In sala propone “La chimera” e “Cento domeniche”

Arrivano dalla Festa del Cinema di Roma i due film da vedere questo mese
Foto di Gerd Altmann da Pixabay

Ci fa sempre piacere quando questa rubrica di segnalazioni può concentrarsi su film italiani, e la Festa del Cinema di Roma è stata l’occasione per vederne tanti, praticamente tutte le principali uscite dei mesi a venire.

La Chimera di Alice Rohrwacher

La scelta ricade sulla regista giovane probabilmente più brava dell’attuale panorama nazionale e su un autore/attore che ha ormai instaurato un proficuo rapporto con il pubblico, a cui ha regalato negli anni tanti personaggi sia creati appositamente per la sala cinematografica che riproposti dai suoi successi televisivi: Alice Rohrwacher e Antonio Albanese.

In sala da oggi “La chimera” di Alice Rohrwacher, già in Concorso al Festival di Cannes e pupilla della selezione transalpina. L’ulteriore passaggio nella sezione Best of 2023 della Festa di Roma certifica lo status dell’autrice, di cui consigliamo comunque di recuperare il trittico precedente (“Corpo celeste”, “Le meraviglie” e “Lazzaro felice”), una personalissima via francescana al cinema e al rapporto tra l’uomo e la Natura.

Cento domeniche di Antonio Albanese

Un rabdomante inglese (Josh O’ Connor) riesce a scovare le nascoste tombe etrusche dell’alto Viterbese, ed è quindi una sorta di supereroe per un gruppo di tombaroli che sulla vendita dei reperti vivono e prosperano. Un pretesto per ragionare sulla vita e sulla morte, sull’amore e l’odio, sulla decadenza delle classi sociali privilegiate del passato sulle cui briciole riescono a impostare l’esistenza i neo-sottoproletari odierni.

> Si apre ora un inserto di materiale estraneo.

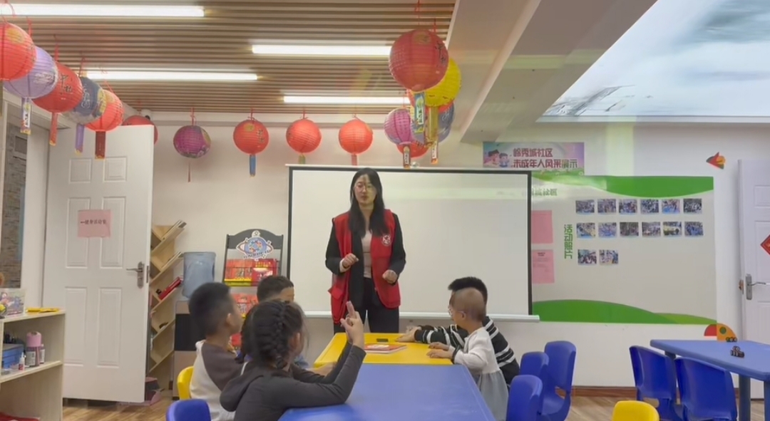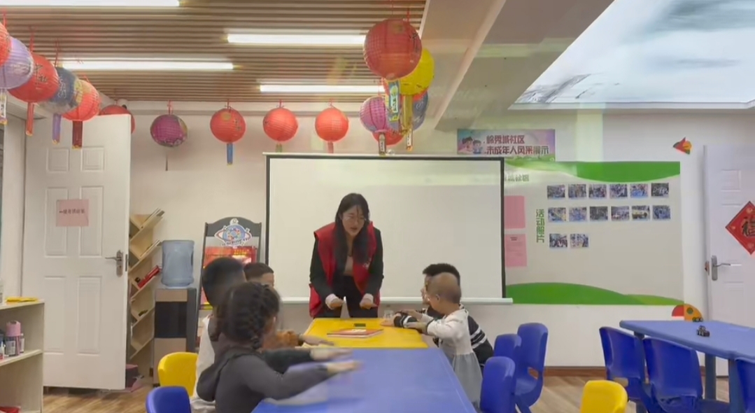 天花板下,红彤彤的纸灯笼串成串,圆滚滚的彩球挤在一起,墙角的福字红得耀眼,年的气息正浓。 活动室里,蓝色的桌椅整齐摆放,孩子们围坐成一圈,小脸上满是期待。穿红马甲的志愿者李老师站在白板前,手里拿着彩纸,声音温柔却有力量。“谁知道春节挂灯笼的寓意呀?”她话音刚落,一个扎着小辫子的女孩立刻高高举起手,眼睛亮晶晶的:“我知道!是吉祥如意,还有照亮回家的路!”
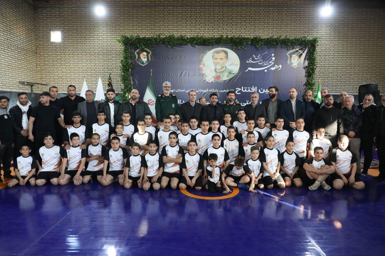 مراسم افتتاح ششمین پایگاه قهرمانی کشتی تهران با نام کشتی گیر شهید سردار حسین اسداللهی با حضور جمعی از مسئولین در محله هرندی تهران برگزار شد.
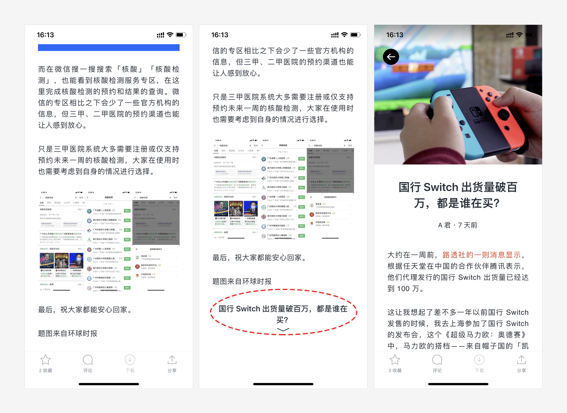 优点:滑动查看下一篇文章,用户不再需要点回资讯列表点击查看下一篇文章,节省用户操纵时间和路径,能让用户快捷的阅读下一篇文章,使用户阅读更加流畅,给用户沉浸式阅读体验。同时还提高了文章的阅读量。
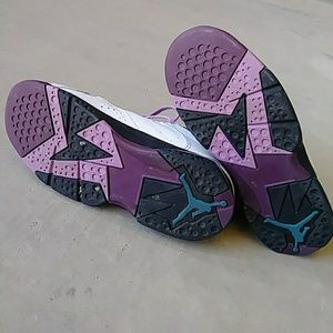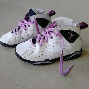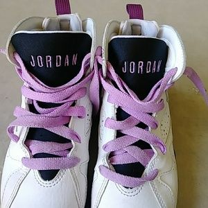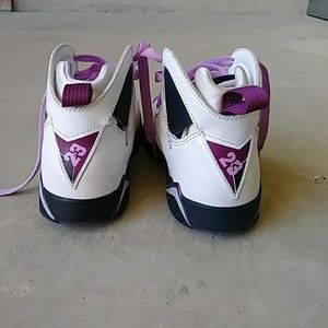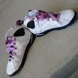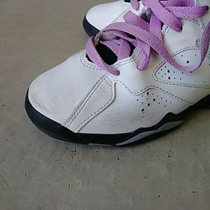 "Air Jordan 7 Preschool Girls Lifestyle Shoe features a mixture of tumbled and smooth white leather on the upper along with fuchsia glow accents that further the feminine aura surrounding the shoe. Release Oct 17 2015." (copied from shoe palace. com)
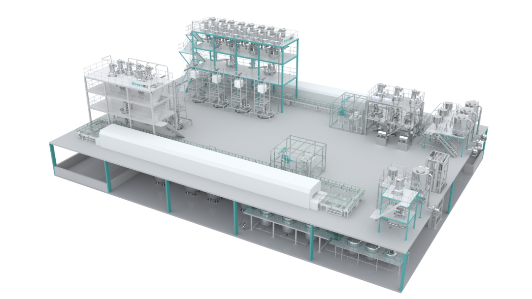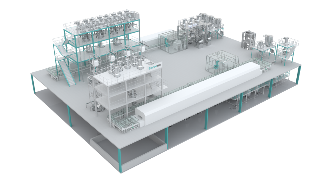 博亿固态电解质材料的生产工艺流程包括吨袋投料、计量下料、配料混合、摇匀烧结、粉碎、干燥、冷却、混合乳化、研磨系统、除磁/过滤、自动罐装等关键步骤。

Sempre oggi, arriva nei cinema anche “Cento domeniche”, l’ultima fatica diretta e interpretata da Antonio Albanese.

E proprio di fatica dell’esistenza si può parlare per il protagonista Antonio, rimasto coinvolto in un crack bancario che rischia di lasciarlo letteralmente sul lastrico. Non è più tempo di personaggi lievi e distaccati (ci viene in mente, ad esempio, l’esordio “Uomo d’acqua dolce”, o il protagonista de “L’intrepido” di Gianni Amelio), il contemporaneo contiene inevitabilmente il tragico al suo interno.